---
base_model: unsloth/llama-3-8b-Instruct
library_name: peft
pipeline_tag: text-generation
tags:
- base_model:adapter:unsloth/llama-3-8b-Instruct
- grpo
- lora
- transformers
- trl
- unsloth
---

# CLI Agent — Llama 3 8B GRPO Fine-tune (GPU 1 / lr=5e-6)
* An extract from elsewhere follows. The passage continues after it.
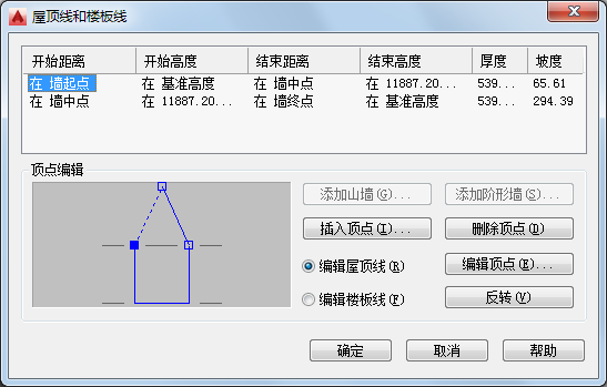 执行以下步骤可以通过在幕墙的屋顶线中添加顶点,将山墙添加到该屋顶线中。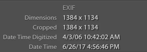 This is a photo that somehow had DateTime set to 6/26/17 when imported, and I changed the capture time (DateTimeCreated) using Lightroom's Metadata menu, to the correct date (4/3/06), which I know from other sources is the actual date the photo was taken.

A LoRA adapter fine-tuned on Meta-Llama-3-8B-Instruct using GRPO (Group Relative Policy Optimization) to generate correct Linux shell commands from natural language task descriptions. This is the GPU 1 run trained at lr=5e-6. See also [jalva182/cli-agent-model](https://huggingface.co/jalva182/cli-agent-model) for the GPU 0 run at lr=3e-6.

## Model Details

### Model Description

- **Developed by:** Jose Alvarez, Carson Chiem, Prisha Bhattacharyya, Vishal Tyagi
- **Model type:** Causal Language Model (LoRA adapter)
- **Language(s) (NLP):** English
- **License:** Meta Llama 3 Community License
- **Finetuned from model:** unsloth/llama-3-8b-Instruct

### Model Sources

- **Repository:** https://github.com/Alvarez-Jose/unsloth-grpo-project

## Uses

### Direct Use

Given a natural language description of a CLI task, the model outputs the correct shell command with no explanation, no markdown, and no backticks.

Example:
- Input: "Count the number of lines in /tmp/data/log.txt"
- Output: `wc -l /tmp/data/log.txt`

### Out-of-Scope Use

- Not intended for general conversation
- Not suitable for tasks outside Linux CLI command generation
- Should not be used for destructive or malicious shell commands

## Bias, Risks, and Limitations

- Model may generate incorrect or harmful shell commands — always review before executing
- Trained on a limited set of ~60 task types, may not generalize to all CLI scenarios
- Performance degrades on complex multi-step tasks

## How to Get Started with the Model
```python
from unsloth import FastLanguageModel

model, tokenizer = FastLanguageModel.from_pretrained(
    model_name="jalva182/cli-agent-model-gpu1",
    max_seq_length=512,
    load_in_4bit=True,
)

messages = [
    {"role": "system", "content": "You are a CLI expert. Given a task, output exactly the shell commands required. No explanation, no markdown, no backticks."},
    {"role": "user", "content": "Count the number of lines in /tmp/data/log.txt"},
]

inputs = tokenizer.apply_chat_template(messages, return_tensors="pt").to("cuda")
outputs = model.generate(input_ids=inputs, max_new_tokens=64)
print(tokenizer.decode(outputs[0], skip_special_tokens=True))
```

## Training Details

### Training Data

60 validated CLI tasks covering file operations, text processing (grep, awk, sed), sorting, archives, system info, permissions, and environment variables. Each task includes setup commands, expected output, and a reward function for GRPO training.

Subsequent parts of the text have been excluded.